## Assignment
Only one span of the material below is wanted. Output it exactly, from the line with "今月後半の出勤予定です。" through the line with "Ak chcete mať", without any pictures.

## Task inputs

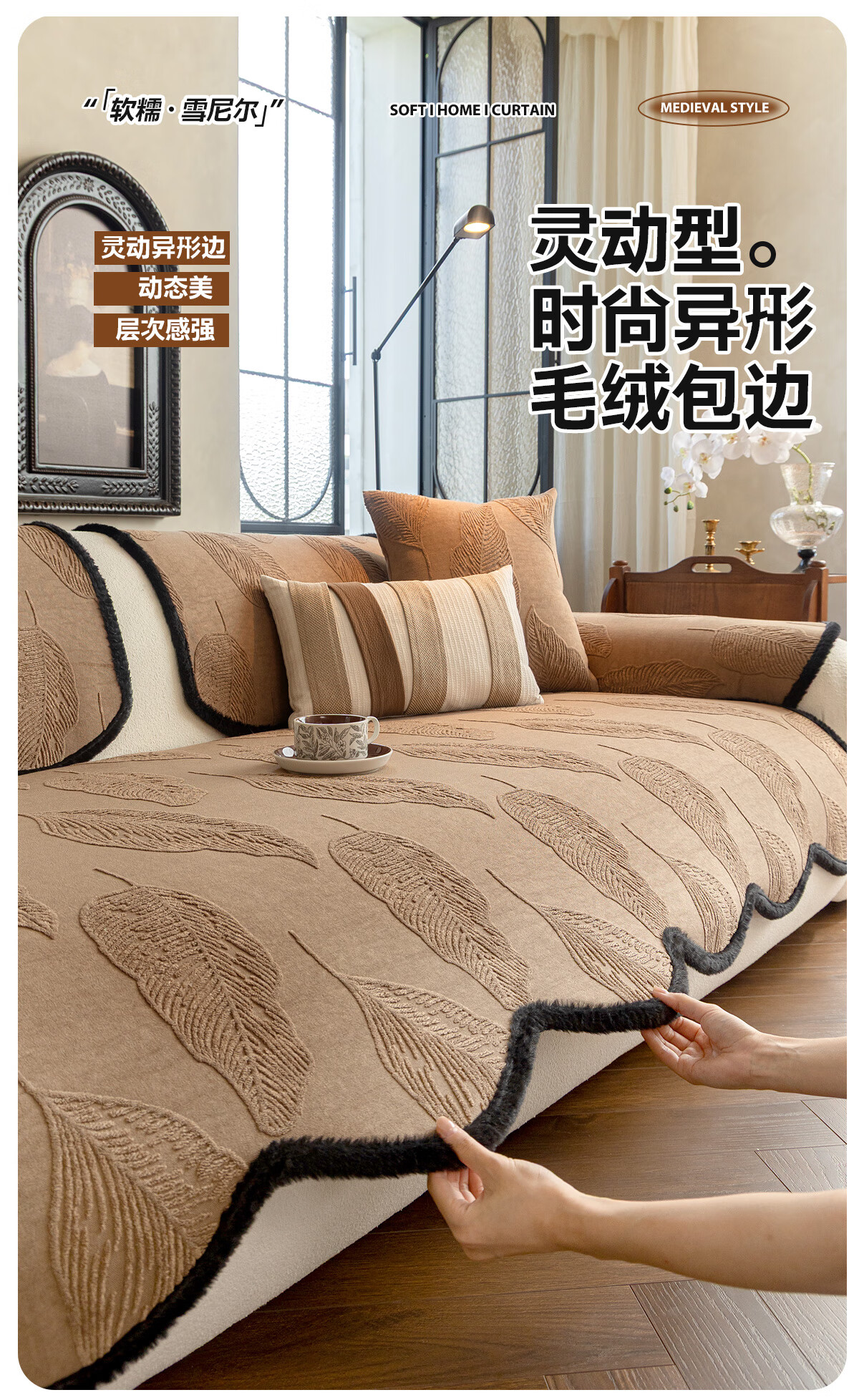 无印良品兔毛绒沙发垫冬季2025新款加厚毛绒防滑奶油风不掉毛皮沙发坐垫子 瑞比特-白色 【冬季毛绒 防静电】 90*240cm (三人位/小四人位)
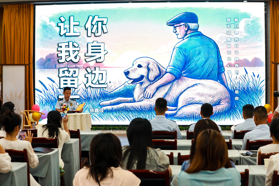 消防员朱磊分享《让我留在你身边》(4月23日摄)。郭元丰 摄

...

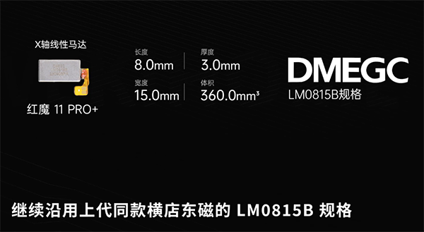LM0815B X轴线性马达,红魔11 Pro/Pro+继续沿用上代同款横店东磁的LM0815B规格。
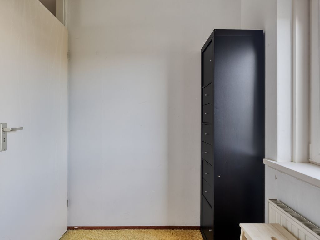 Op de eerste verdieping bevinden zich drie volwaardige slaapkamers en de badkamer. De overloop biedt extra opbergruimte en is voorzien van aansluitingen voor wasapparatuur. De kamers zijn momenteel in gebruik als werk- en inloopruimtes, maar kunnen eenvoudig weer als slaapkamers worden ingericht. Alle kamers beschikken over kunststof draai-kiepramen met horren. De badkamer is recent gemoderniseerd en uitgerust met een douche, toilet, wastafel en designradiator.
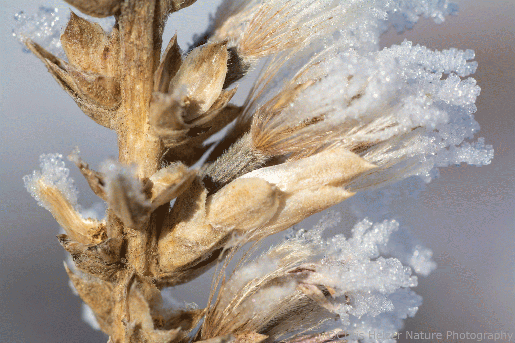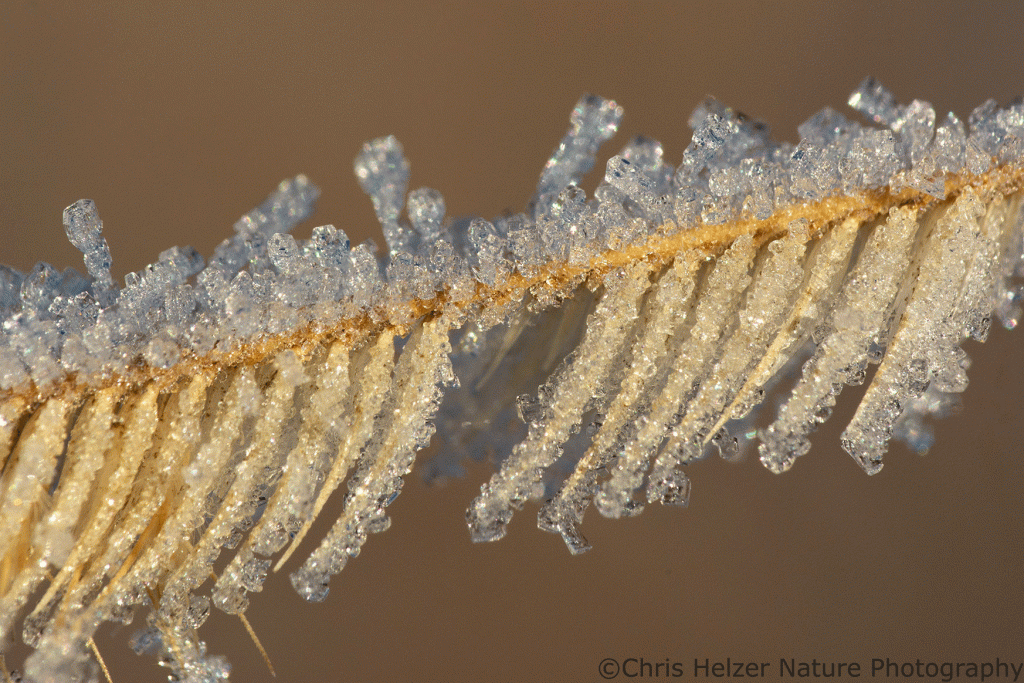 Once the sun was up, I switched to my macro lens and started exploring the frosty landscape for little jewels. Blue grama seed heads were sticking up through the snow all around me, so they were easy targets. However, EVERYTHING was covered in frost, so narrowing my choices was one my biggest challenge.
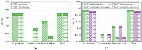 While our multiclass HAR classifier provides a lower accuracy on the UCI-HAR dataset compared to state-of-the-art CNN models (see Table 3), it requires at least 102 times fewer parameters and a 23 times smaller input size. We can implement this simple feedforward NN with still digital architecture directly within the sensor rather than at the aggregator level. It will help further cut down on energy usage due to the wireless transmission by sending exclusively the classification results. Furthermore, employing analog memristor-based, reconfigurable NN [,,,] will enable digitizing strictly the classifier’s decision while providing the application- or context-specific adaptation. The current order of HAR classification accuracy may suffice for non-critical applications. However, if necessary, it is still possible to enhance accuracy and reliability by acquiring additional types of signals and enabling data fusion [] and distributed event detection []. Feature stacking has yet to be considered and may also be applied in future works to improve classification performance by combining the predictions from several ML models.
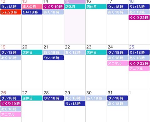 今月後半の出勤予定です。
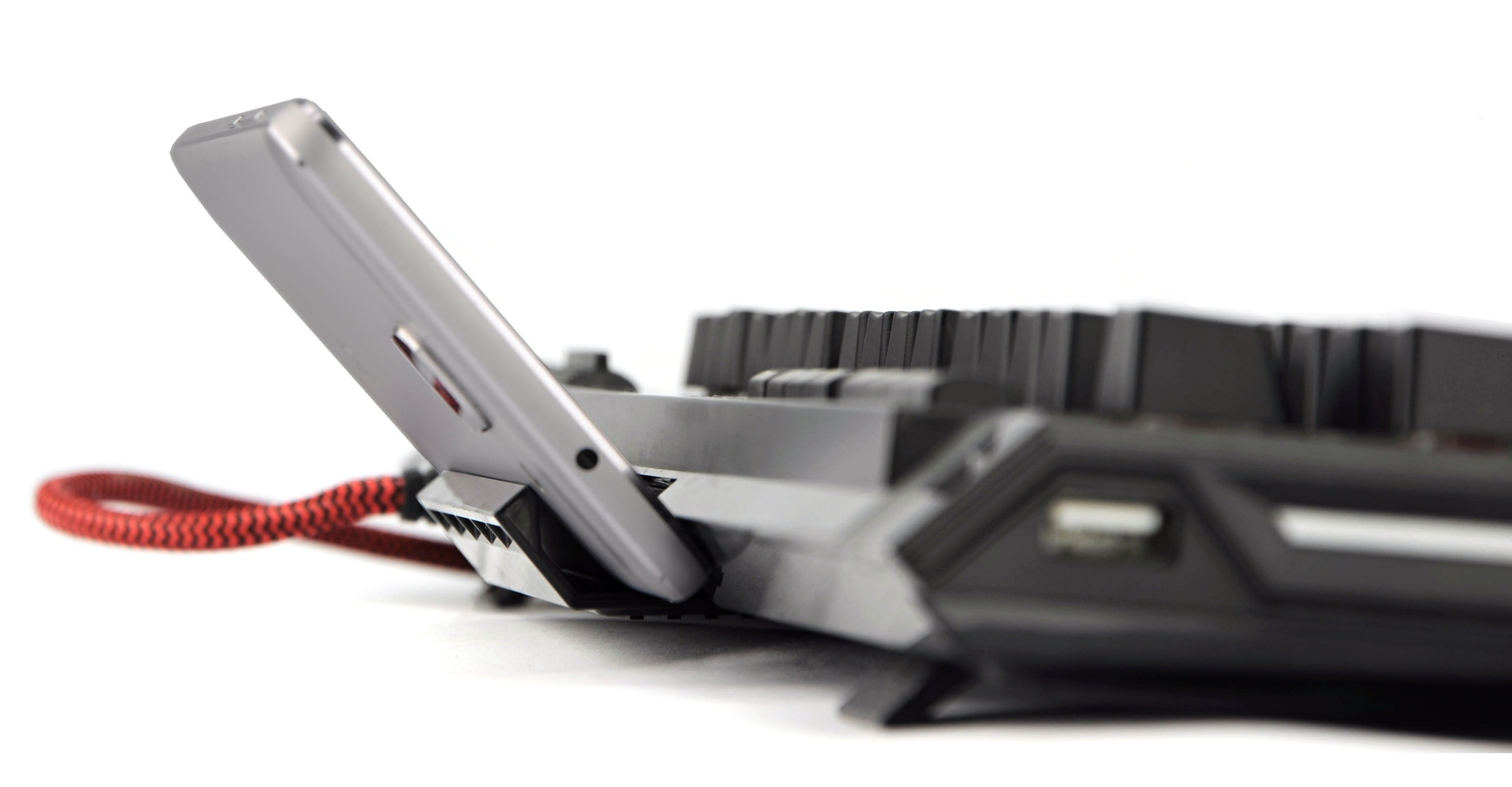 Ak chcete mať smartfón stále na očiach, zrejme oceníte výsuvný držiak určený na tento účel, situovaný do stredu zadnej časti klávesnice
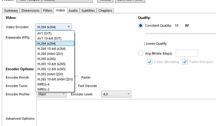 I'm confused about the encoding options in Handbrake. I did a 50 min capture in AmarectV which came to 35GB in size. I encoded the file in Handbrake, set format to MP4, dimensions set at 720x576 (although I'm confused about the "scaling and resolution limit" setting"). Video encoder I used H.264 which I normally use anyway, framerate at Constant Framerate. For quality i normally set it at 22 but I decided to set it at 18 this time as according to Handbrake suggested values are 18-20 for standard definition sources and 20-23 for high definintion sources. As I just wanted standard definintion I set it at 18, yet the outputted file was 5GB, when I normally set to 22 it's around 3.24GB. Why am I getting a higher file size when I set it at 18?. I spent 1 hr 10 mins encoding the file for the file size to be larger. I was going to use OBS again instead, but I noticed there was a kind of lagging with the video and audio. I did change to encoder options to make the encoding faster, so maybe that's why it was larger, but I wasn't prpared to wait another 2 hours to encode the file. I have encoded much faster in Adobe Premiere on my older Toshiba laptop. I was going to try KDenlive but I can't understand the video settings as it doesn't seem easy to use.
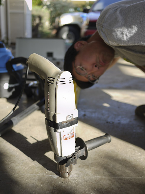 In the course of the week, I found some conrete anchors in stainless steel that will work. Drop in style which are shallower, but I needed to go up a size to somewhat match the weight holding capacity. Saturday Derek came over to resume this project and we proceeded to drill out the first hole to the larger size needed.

--

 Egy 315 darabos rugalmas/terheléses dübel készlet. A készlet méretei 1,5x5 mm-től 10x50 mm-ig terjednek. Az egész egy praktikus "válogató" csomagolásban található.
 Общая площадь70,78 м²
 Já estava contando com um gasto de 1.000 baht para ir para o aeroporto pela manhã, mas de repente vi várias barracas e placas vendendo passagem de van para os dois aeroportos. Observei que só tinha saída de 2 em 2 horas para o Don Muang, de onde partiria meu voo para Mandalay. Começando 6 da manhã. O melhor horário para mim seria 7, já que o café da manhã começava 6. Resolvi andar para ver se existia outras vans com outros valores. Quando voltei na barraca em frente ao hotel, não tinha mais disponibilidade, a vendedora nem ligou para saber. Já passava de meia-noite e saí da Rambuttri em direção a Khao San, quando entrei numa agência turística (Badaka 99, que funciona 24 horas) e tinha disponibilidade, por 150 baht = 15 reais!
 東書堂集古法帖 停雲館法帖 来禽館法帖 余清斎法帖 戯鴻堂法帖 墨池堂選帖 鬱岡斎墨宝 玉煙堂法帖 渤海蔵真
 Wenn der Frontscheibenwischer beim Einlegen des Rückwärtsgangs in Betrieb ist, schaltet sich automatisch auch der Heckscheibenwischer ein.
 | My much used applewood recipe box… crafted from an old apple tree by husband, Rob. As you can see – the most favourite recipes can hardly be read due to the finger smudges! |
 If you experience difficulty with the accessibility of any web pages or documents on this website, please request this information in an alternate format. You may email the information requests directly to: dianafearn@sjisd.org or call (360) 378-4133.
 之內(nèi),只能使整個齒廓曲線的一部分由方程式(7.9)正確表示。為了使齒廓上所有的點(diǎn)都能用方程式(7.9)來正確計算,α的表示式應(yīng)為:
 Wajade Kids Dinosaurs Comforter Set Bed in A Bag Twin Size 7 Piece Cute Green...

## Task response
 今月後半の出勤予定です。
 Ak chcete mať smartfón stále na očiach, zrejme oceníte výsuvný držiak určený na tento účel, situovaný do stredu zadnej časti klávesnice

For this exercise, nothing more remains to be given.